> Activity:
Take nothing but the lines from the one with "萬 闘閃さんの天格は13画の5点!" through the one with "时干宫就代表这件事的走向发展" in the entries below, both ends kept, and return them exactly with pictures left out.

> Records supplied:
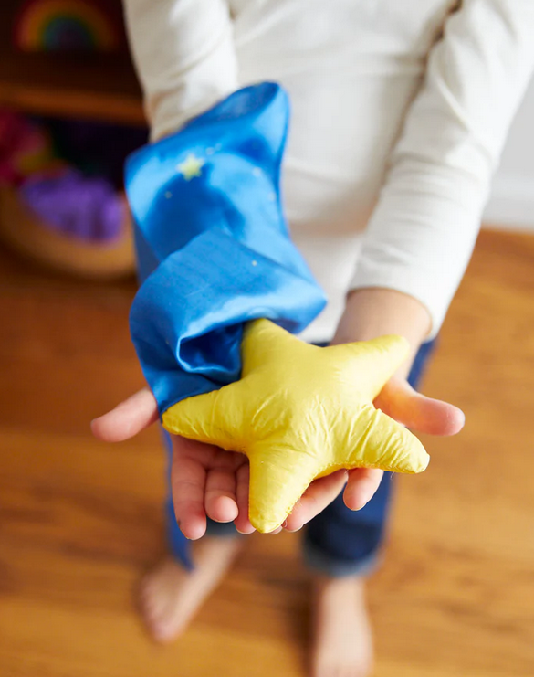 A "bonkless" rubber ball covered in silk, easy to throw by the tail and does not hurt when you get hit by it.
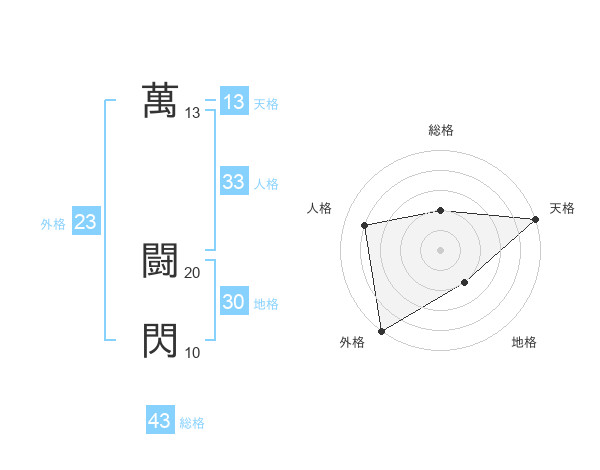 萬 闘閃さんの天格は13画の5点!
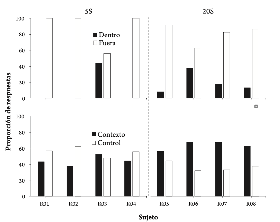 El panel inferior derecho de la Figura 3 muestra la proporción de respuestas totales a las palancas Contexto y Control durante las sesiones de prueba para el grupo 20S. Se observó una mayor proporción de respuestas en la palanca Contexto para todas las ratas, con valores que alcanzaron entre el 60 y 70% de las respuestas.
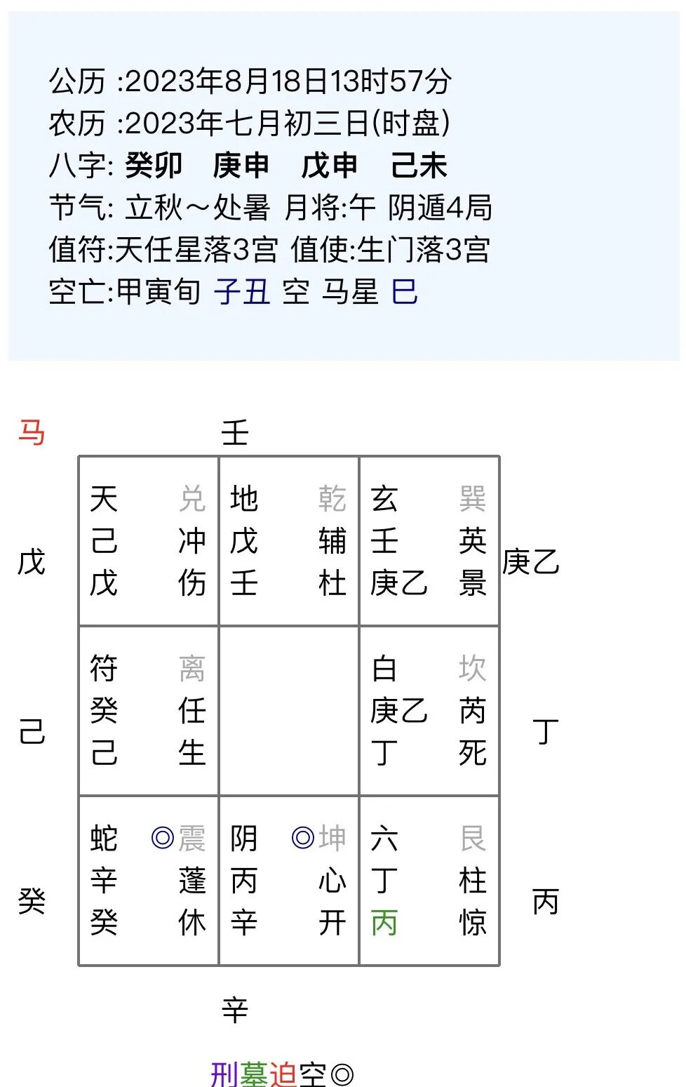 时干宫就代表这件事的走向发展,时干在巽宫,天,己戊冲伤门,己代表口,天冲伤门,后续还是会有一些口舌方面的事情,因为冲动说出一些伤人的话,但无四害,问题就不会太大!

--

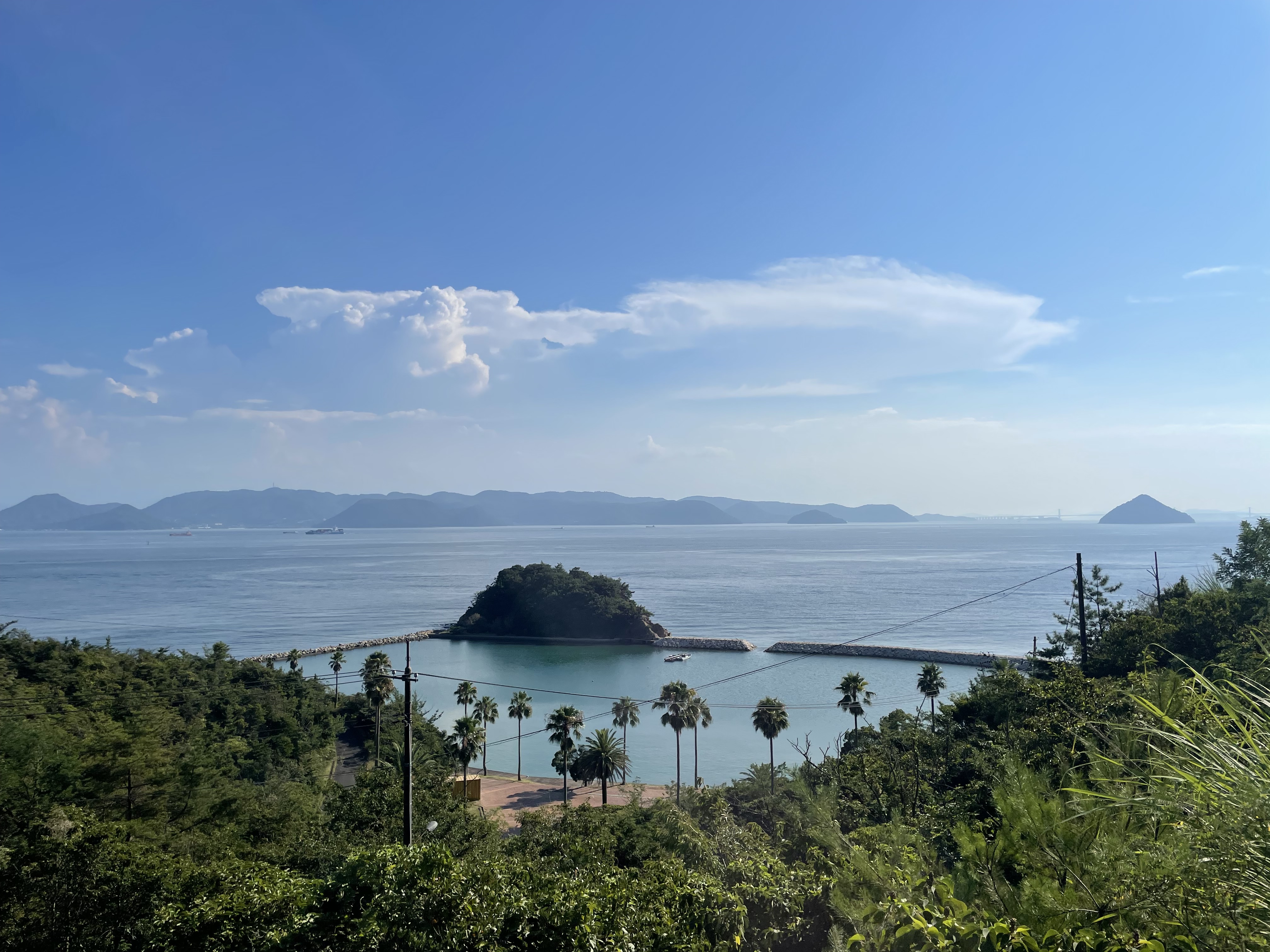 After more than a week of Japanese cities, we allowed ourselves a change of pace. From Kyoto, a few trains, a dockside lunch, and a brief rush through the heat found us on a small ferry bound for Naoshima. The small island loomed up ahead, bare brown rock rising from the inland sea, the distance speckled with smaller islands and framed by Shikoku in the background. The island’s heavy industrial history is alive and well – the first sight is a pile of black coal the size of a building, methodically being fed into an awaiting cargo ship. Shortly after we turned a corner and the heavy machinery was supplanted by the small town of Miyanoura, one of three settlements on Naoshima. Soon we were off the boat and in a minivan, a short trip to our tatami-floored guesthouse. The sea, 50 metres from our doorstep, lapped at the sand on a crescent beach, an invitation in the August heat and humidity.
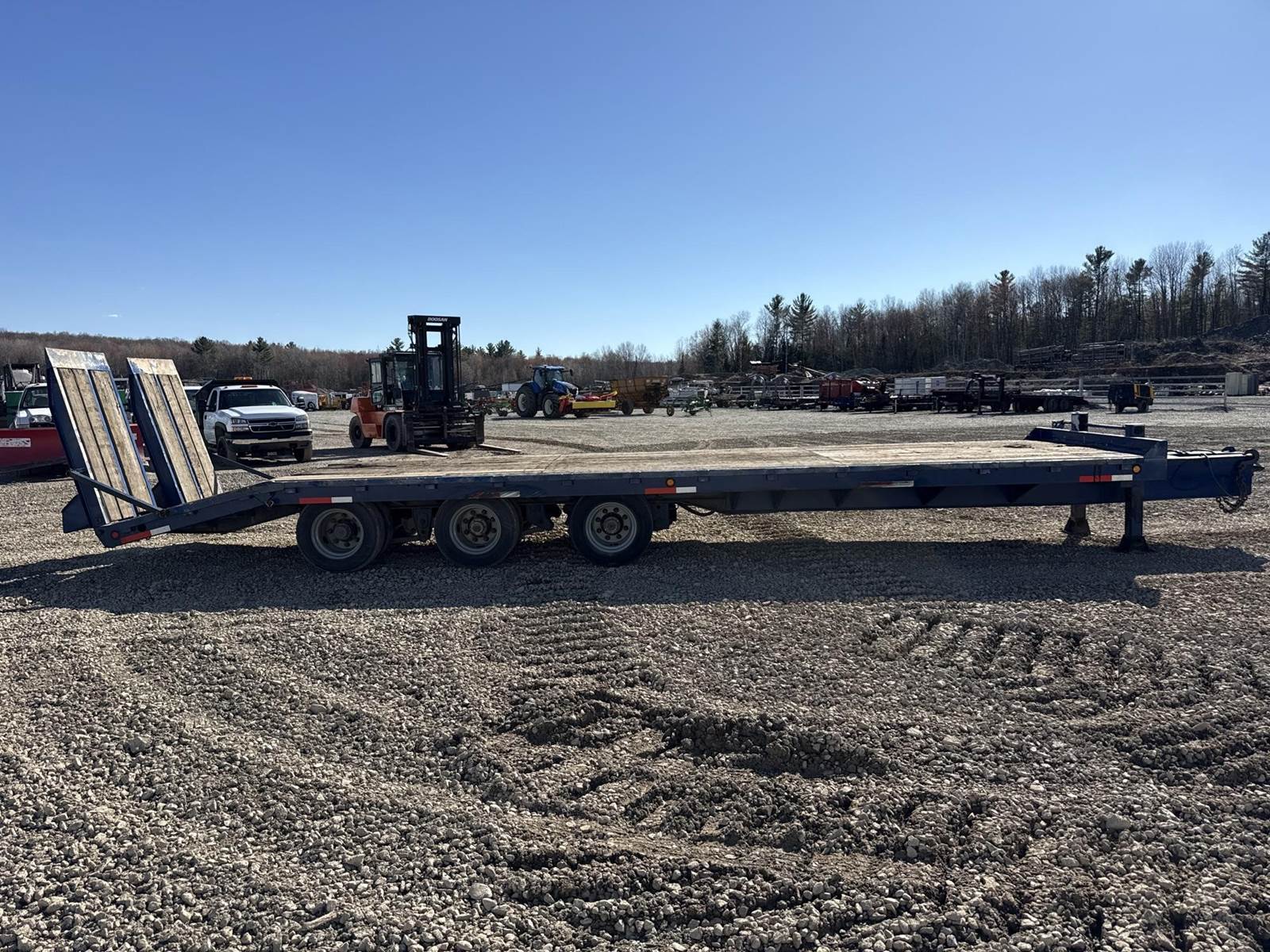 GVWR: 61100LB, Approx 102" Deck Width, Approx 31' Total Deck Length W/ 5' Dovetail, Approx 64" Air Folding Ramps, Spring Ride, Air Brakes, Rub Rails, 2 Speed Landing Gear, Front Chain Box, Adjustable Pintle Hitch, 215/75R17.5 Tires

> Answer section:
 萬 闘閃さんの天格は13画の5点!
 El panel inferior derecho de la Figura 3 muestra la proporción de respuestas totales a las palancas Contexto y Control durante las sesiones de prueba para el grupo 20S. Se observó una mayor proporción de respuestas en la palanca Contexto para todas las ratas, con valores que alcanzaron entre el 60 y 70% de las respuestas.
 时干宫就代表这件事的走向发展,时干在巽宫,天,己戊冲伤门,己代表口,天冲伤门,后续还是会有一些口舌方面的事情,因为冲动说出一些伤人的话,但无四害,问题就不会太大!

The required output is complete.